Two Waltham Forest residents have been charged for causing public disruption at a climate protest in central London yesterday (17th October).
Harry Holmes and Rodrick Cobley were charged with obstructing the highway and have both been bailed to appear at Westminster Magistrates Court on 17th November.
Holmes and Cobley are among 26 protestors to have been charged after the police imposed conditions on the protest. Prominent climate campaigner Greta Thunberg is also among those charged. She is due to appear on bail at Westminster Magistrates’ Court on 15th November.
The demonstration, organised by Fossil Free London, saw activists enter the InterContintental Hotel on Park Lane in order to disrupt the Oil & Money conference. The event was a gathering of over 500 senior leaders and executives from the global petrol and gas industry.
In videos posted on X (formerly known as Twitter), activists can be seen being dragged through the hotel by security while shouting “Stop Rosebank”, a planned Scottish oil rig in the North Sea.
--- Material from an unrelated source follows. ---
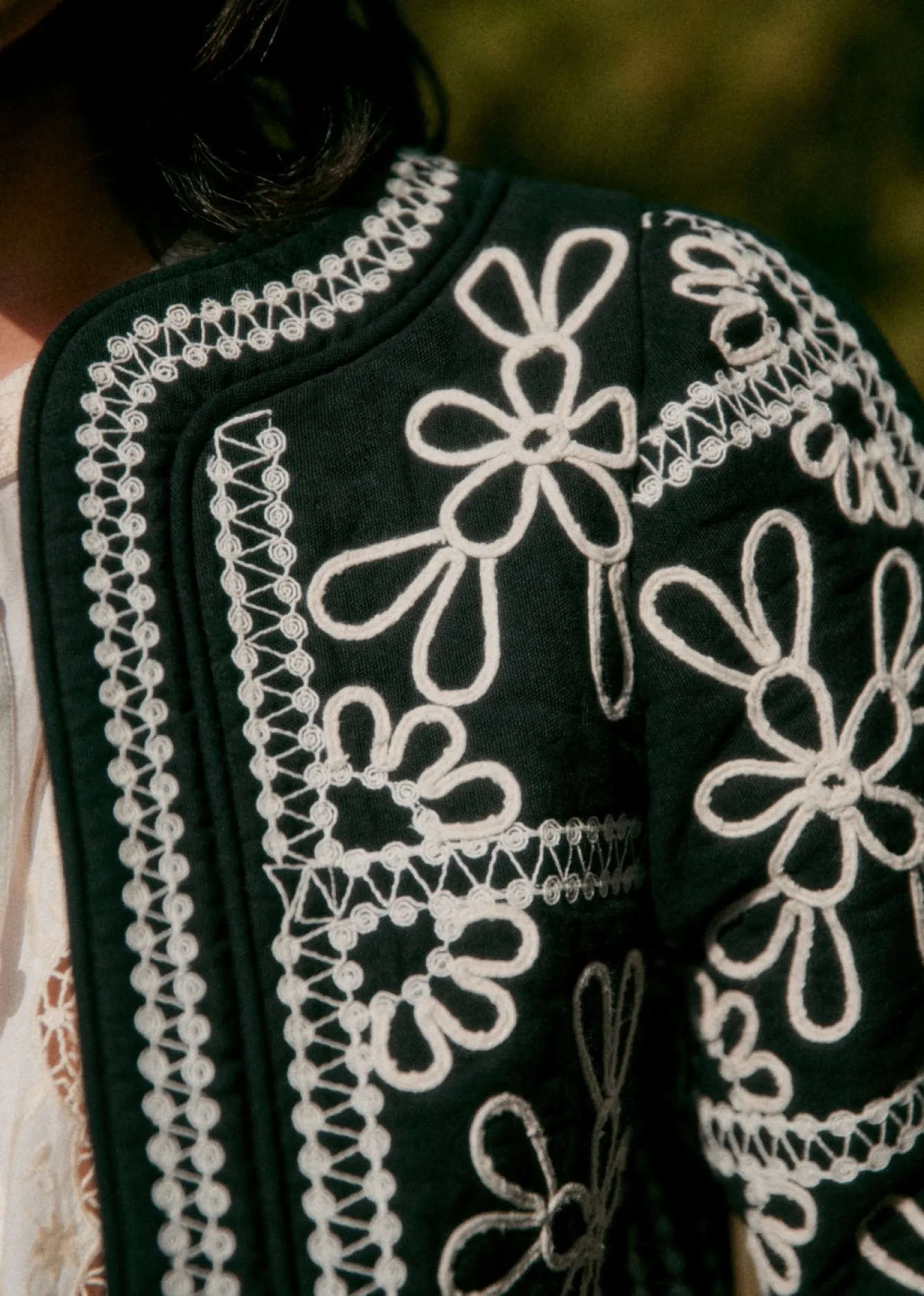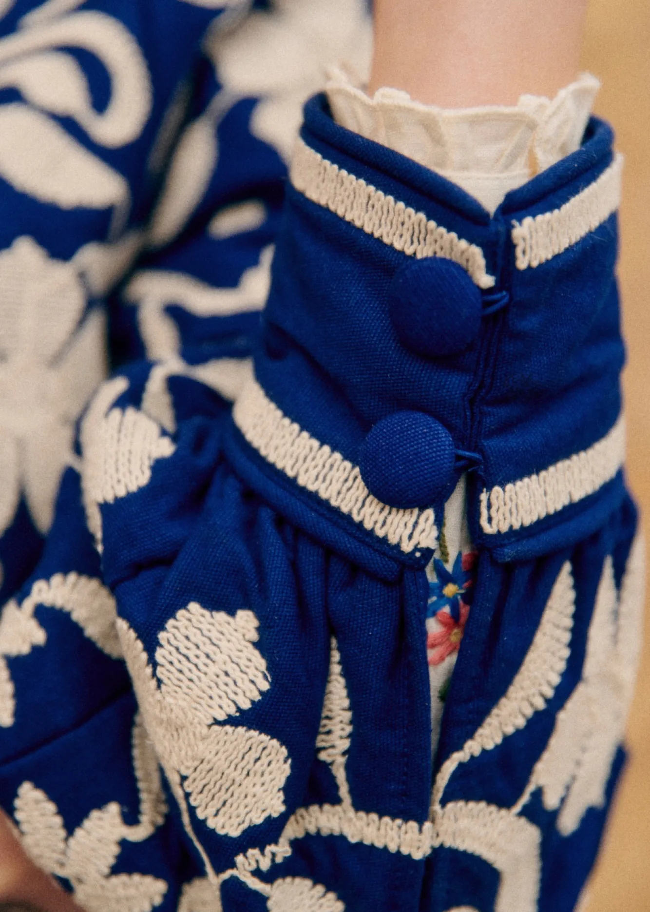 | Couleur | Fond Bleu Broderie Ecrue, Kaki / Écru, Noir Broderie Ecru |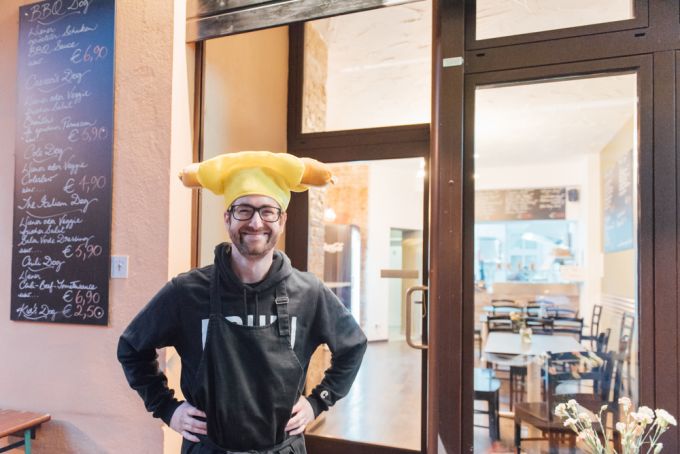 Inhaber Ilan hat früher in einem Münzladen gearbeitet und erzählt uns, warum sein ursprünglicher Traum vom Burgerladen nicht aufging. "Der Schornstein ist zu klein und kann den beim Burgerbraten entstehenden Rauch nicht nach außen befördern. Der Rauch verteilte sich im ganzen Haus und die Bewohner waren nicht sehr glücklich darüber.". Innerhalb von wenigen Tagen musste ein neuer Businessplan und Speisekarten her. Und schwups war die Idee von einem Hot-Dog-Imbiss geboren. Zwei waren eh schon auf der alten Karte.

Outside the hotel, activists holding Fossil Free London placards protested as attendees walked into the event.
At the protest climate campaigner Greta Thunberg said the world was “drowning” in fossil fuels, and that oil and gas companies had “actively delayed, destructed, and denied the causes of the climate crisis and spread doubts about their own engagement in it”.
In a statement the Metropolitan Police said protestors were “asked to move from the road onto the pavement, which would enable them to continue with their demonstration without breaching conditions” and arrests were made when protestors did not move.
Fossil Free London organiser Pascal Hartig said: “This past year we have lived through a crisis of inequality, where our energy bills have spiralled out of control to fund the record-breaking profits of the fossil fuel industry. The Government is asking for more of the same by approving the Rosebank oil field for fossil fuel giant Equinor. It is a carbon bomb and they want the UK public to fund it through tax breaks and subsidies. We cannot afford more fossil fuels like Rosebank.”